* GIVEN RECORDS
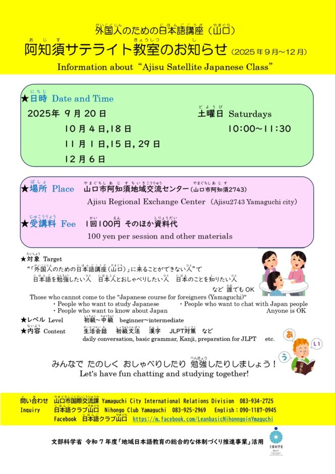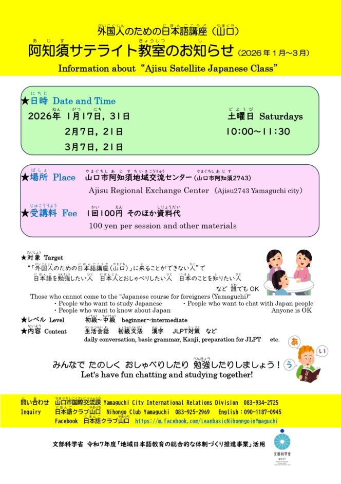 山口市 山口市 南エリア 阿知須 【冬期募集】外国人(がいこくじん)のための日本語講座(にほんごこうざ)/Japanese language class for foreigners 2026年(ねん)1月(がつ)17日(にち)から2026年(ねん)3月(がつ)21日(にち)までの毎月第1・3・5土曜日 その他 体験 教室・研修
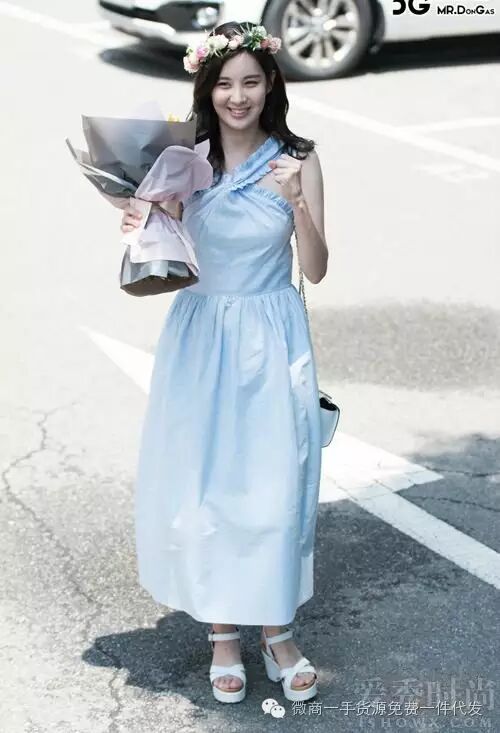 徐贤身材高挑,气质清新,穿浅蓝色连衣裙配白色凉鞋文艺十足,如清风扑面,显得肌肤好白皙,裙子的肩部设计别致动人。
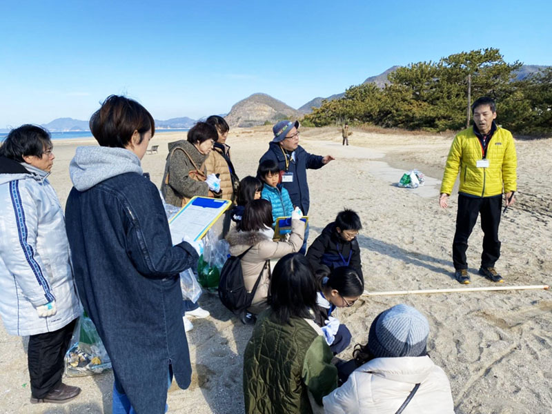 有明浜のゴミを拾いながらのフィールドワークなどを交え、
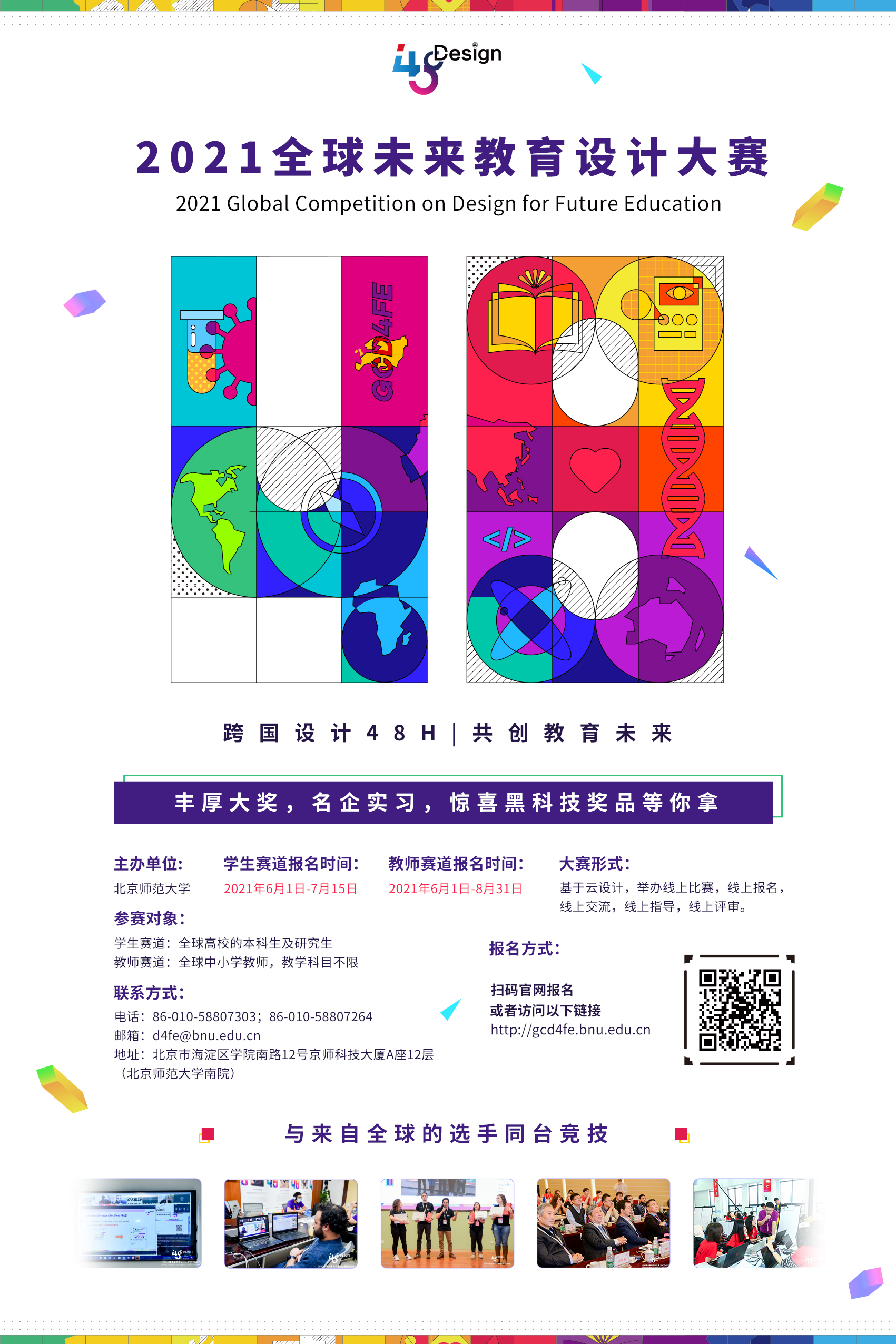 由北京师范大学主办的“2021全球未来教育设计大赛(Global Competition on Design for Future Education, GCD4FE)”计划于2021年6月-11月开展,报名通道于6月1日正式开启。大赛以“全纳教育”为主题,分为全球高校学生和中小学教师两个赛道,将通过“云设计”的形式举办线上比赛和案例征集活动,希望汇聚来自世界各地不同学校、不同专业领域的师生对于未来教育的创意想法,以更好地应对未来的不确定性和挑战,探索全民优质教育的创新解决方案。
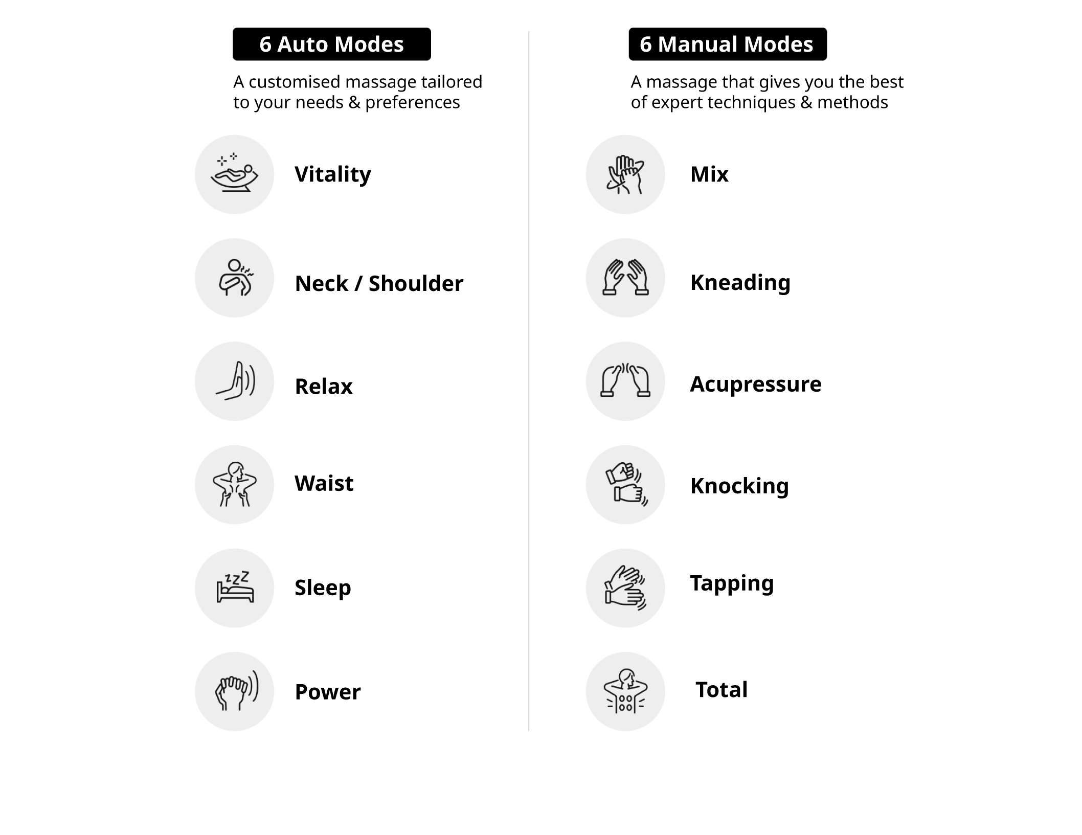 Gentle warmth for thorough relief of a sore lower back & hips, complemented by a firm airbag massage.
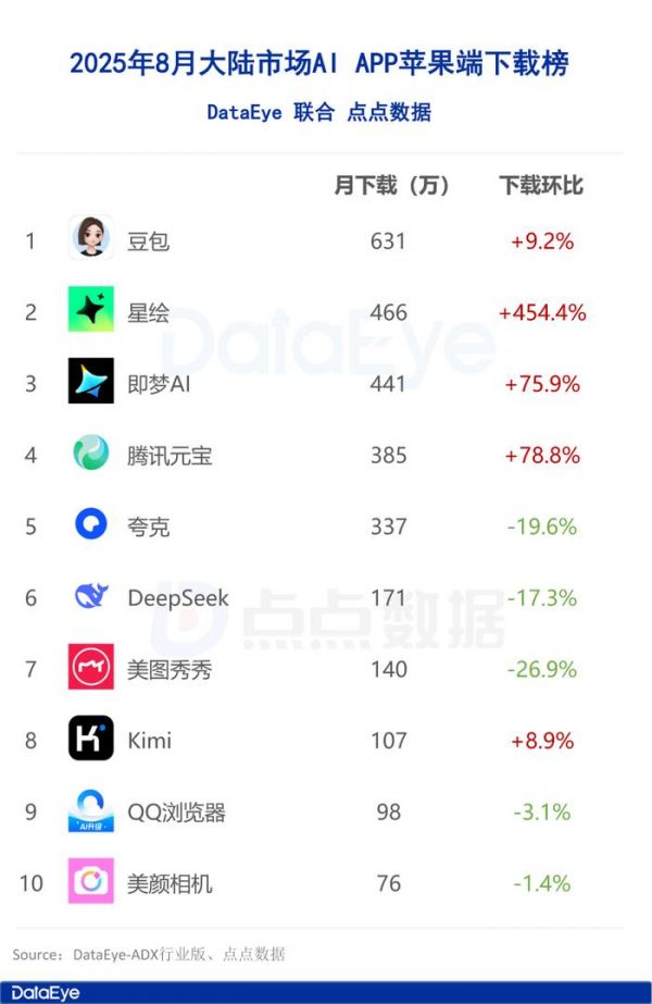 据DataEye研究院结合ADX行业版、点点数据发布的8月全球AI产品月度观察报告,字节跳动旗下的AI图片生成应用“星绘”以454.4%的下载环比涨幅位列涨幅第一,以466万的下载量位居大陆市场苹果端AI应用下载榜第二。

* EXERCISE
Could the stretch from the line with "Competition on Design" through the line with "Gentle warmth for" in the listing above be restated word for word, minus the pictures?

* EXPECTED OUTPUT
 由北京师范大学主办的“2021全球未来教育设计大赛(Global Competition on Design for Future Education, GCD4FE)”计划于2021年6月-11月开展,报名通道于6月1日正式开启。大赛以“全纳教育”为主题,分为全球高校学生和中小学教师两个赛道,将通过“云设计”的形式举办线上比赛和案例征集活动,希望汇聚来自世界各地不同学校、不同专业领域的师生对于未来教育的创意想法,以更好地应对未来的不确定性和挑战,探索全民优质教育的创新解决方案。
 Gentle warmth for thorough relief of a sore lower back & hips, complemented by a firm airbag massage.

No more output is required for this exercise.